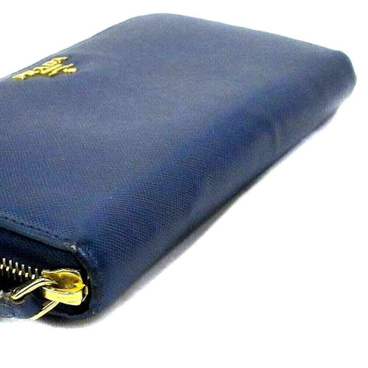 [USED]PRADA Saffiano Round Zipper Long Wallet Navy From Japan F/S
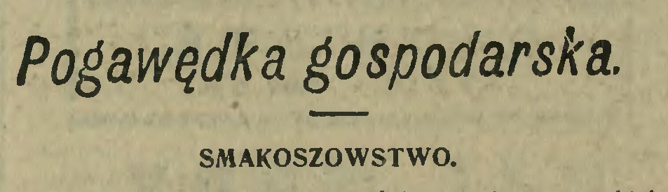 Nie mogę nikomu polecać próbowania takich dziwolągów, lecz moda studiowania kuchni i jadłospisów sama przez się jest modą ładną i pożyteczną. Panie, poświęcające jej część tych godzin, w których się nudzą, bo niepogoda, więc wyjść do kawiarni nie sposób, znajda miłe passe-temps. A pomysłowsze z nich, lubiące smacznie zjeść same lub mające mężów z tą wadą, może wynajdą jakie nowe, bardziej do naszych gustów zastosowane potrawy, w myśl aforyzmu, głoszącego, że jedna nowo wynaleziona potrawa więcej robi dla szczęścia ludzkości, niż najuczeńszy traktat filozoficzny.
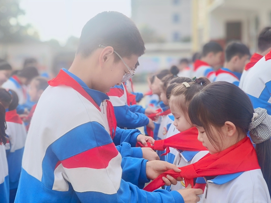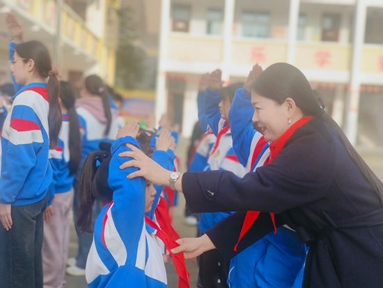 仪式在庄严的出旗曲中拉开帷幕,五、六年级的优秀队员手捧鲜艳的红领巾,郑重地为新队员佩戴。这条用革命先烈的鲜血染红的领巾,不仅是少先队员的标志,更是代代相传的责任与担当。
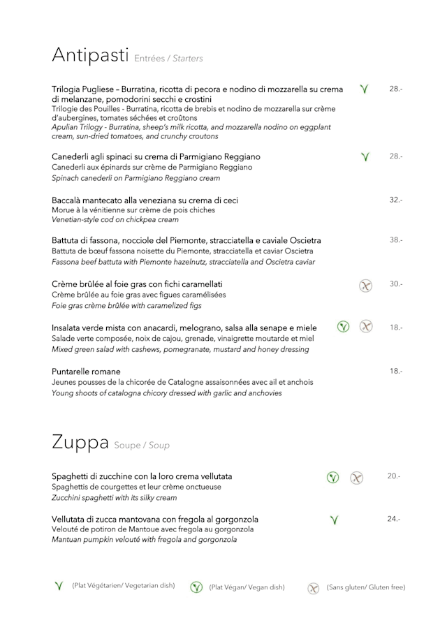9.5/10Great service and food in a very pleasant setting. Each server/waiter was attentive and helpful. The pastas were both perfectly prepared. The wine list while not extensive was well thought out. Plan to do there again when we are next in the Geneva area. On another note, I highly recommend the rooms above and the morning breakfast.
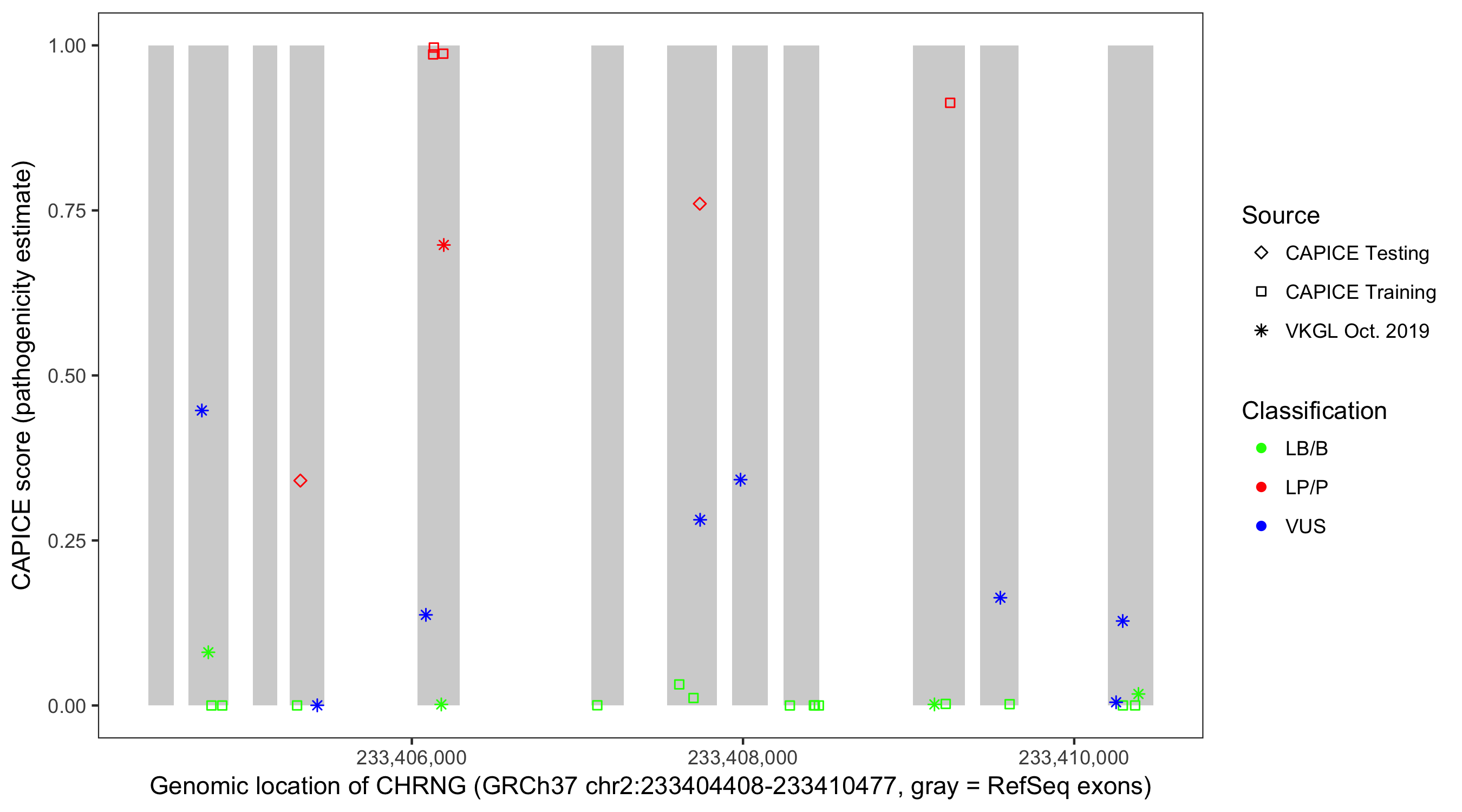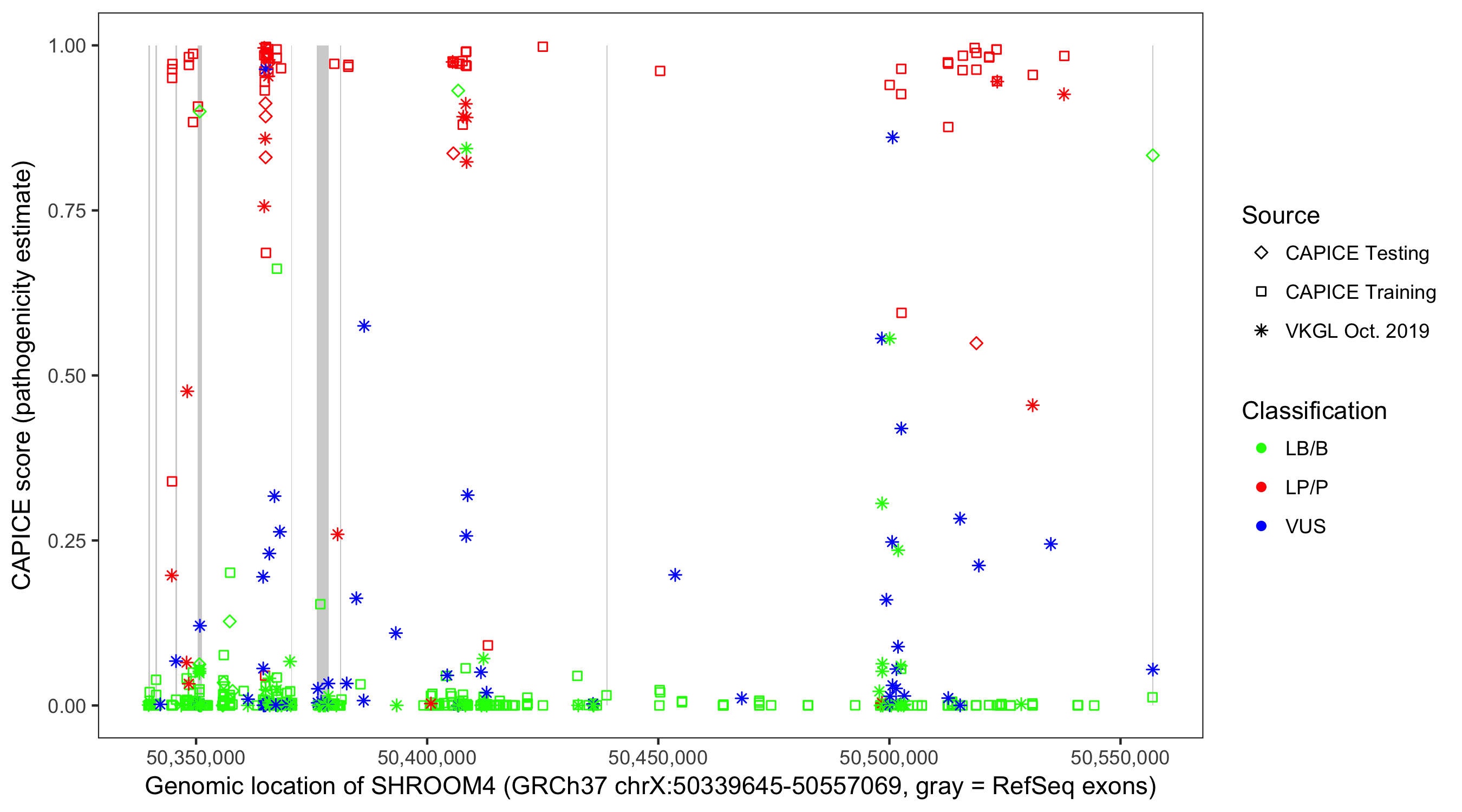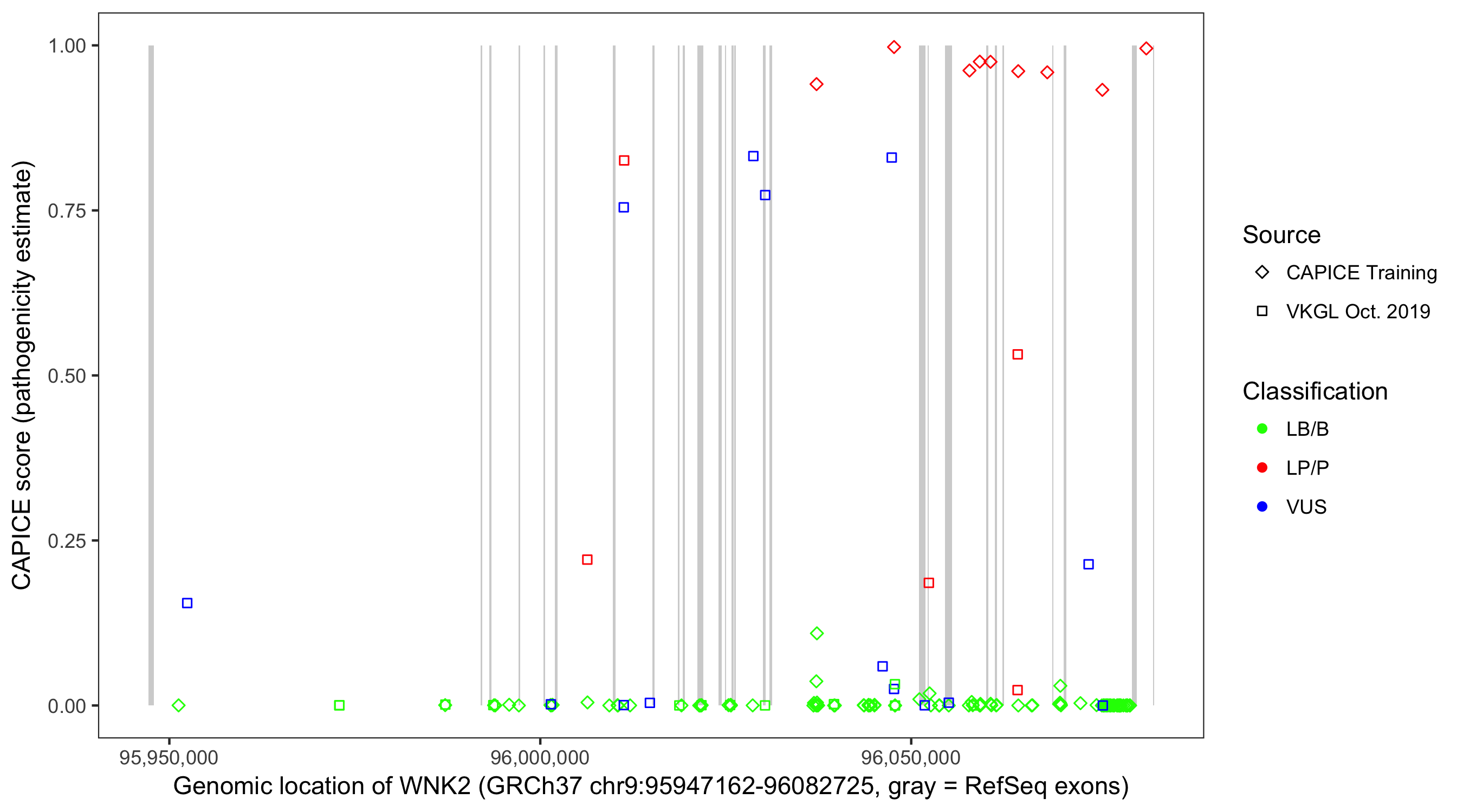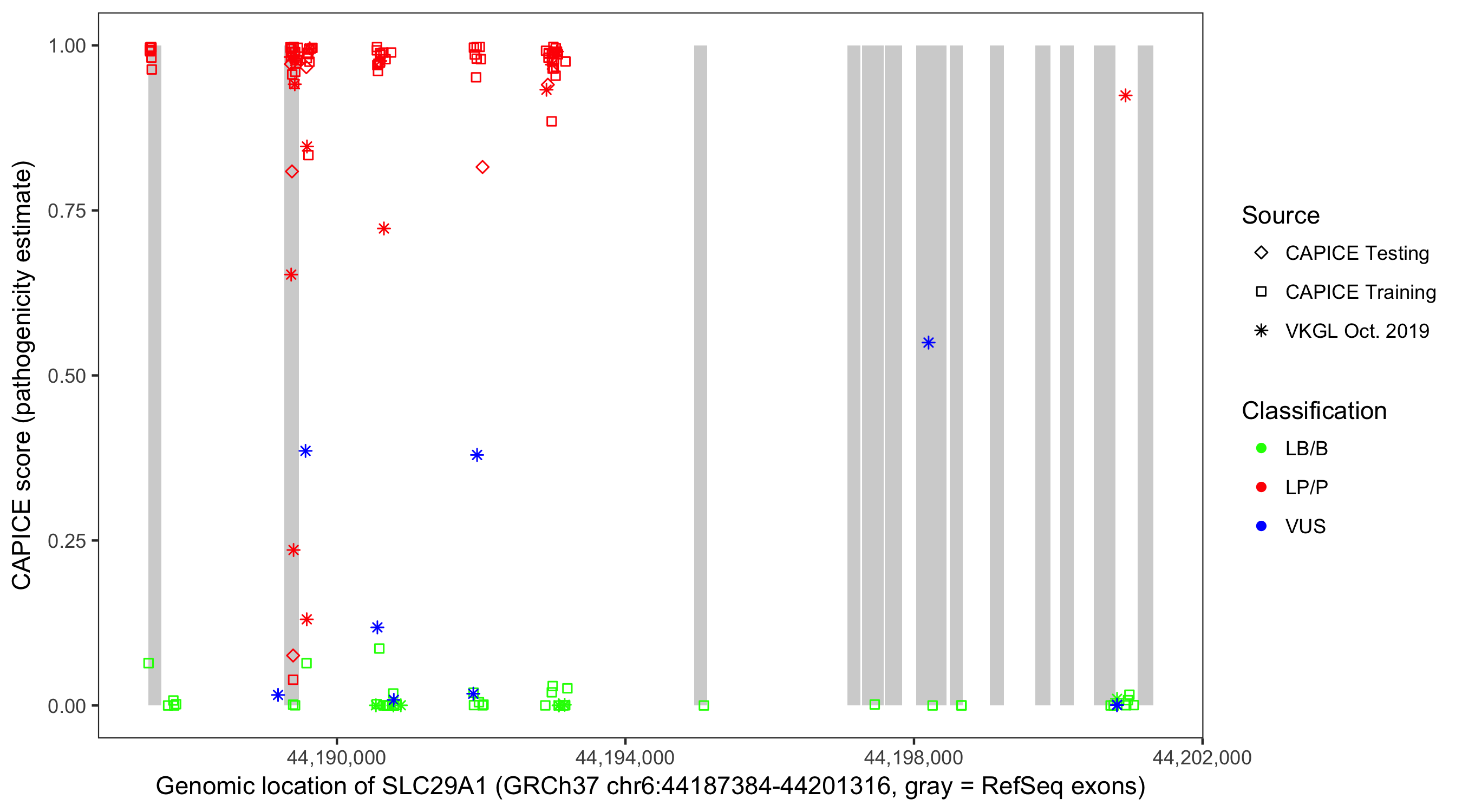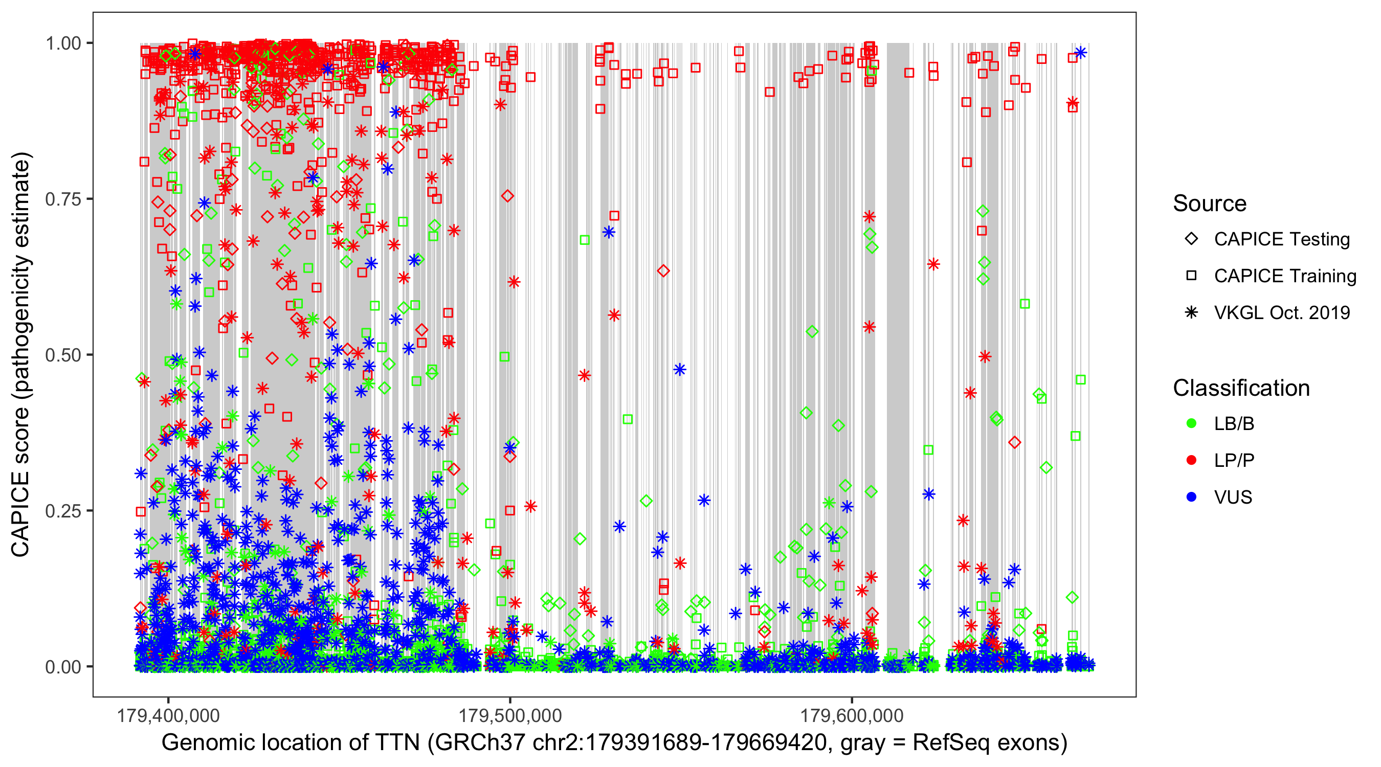 Shown are CAPICE train/test variants plus VKGL Oct 2019.

--- --- ---

Without any of its pictures, the listing is to be repeated exactly as it stands.

 [USED]PRADA Saffiano Round Zipper Long Wallet Navy From Japan F/S
 Nie mogę nikomu polecać próbowania takich dziwolągów, lecz moda studiowania kuchni i jadłospisów sama przez się jest modą ładną i pożyteczną. Panie, poświęcające jej część tych godzin, w których się nudzą, bo niepogoda, więc wyjść do kawiarni nie sposób, znajda miłe passe-temps. A pomysłowsze z nich, lubiące smacznie zjeść same lub mające mężów z tą wadą, może wynajdą jakie nowe, bardziej do naszych gustów zastosowane potrawy, w myśl aforyzmu, głoszącego, że jedna nowo wynaleziona potrawa więcej robi dla szczęścia ludzkości, niż najuczeńszy traktat filozoficzny.
 仪式在庄严的出旗曲中拉开帷幕,五、六年级的优秀队员手捧鲜艳的红领巾,郑重地为新队员佩戴。这条用革命先烈的鲜血染红的领巾,不仅是少先队员的标志,更是代代相传的责任与担当。
9.5/10Great service and food in a very pleasant setting. Each server/waiter was attentive and helpful. The pastas were both perfectly prepared. The wine list while not extensive was well thought out. Plan to do there again when we are next in the Geneva area. On another note, I highly recommend the rooms above and the morning breakfast.
 Shown are CAPICE train/test variants plus VKGL Oct 2019.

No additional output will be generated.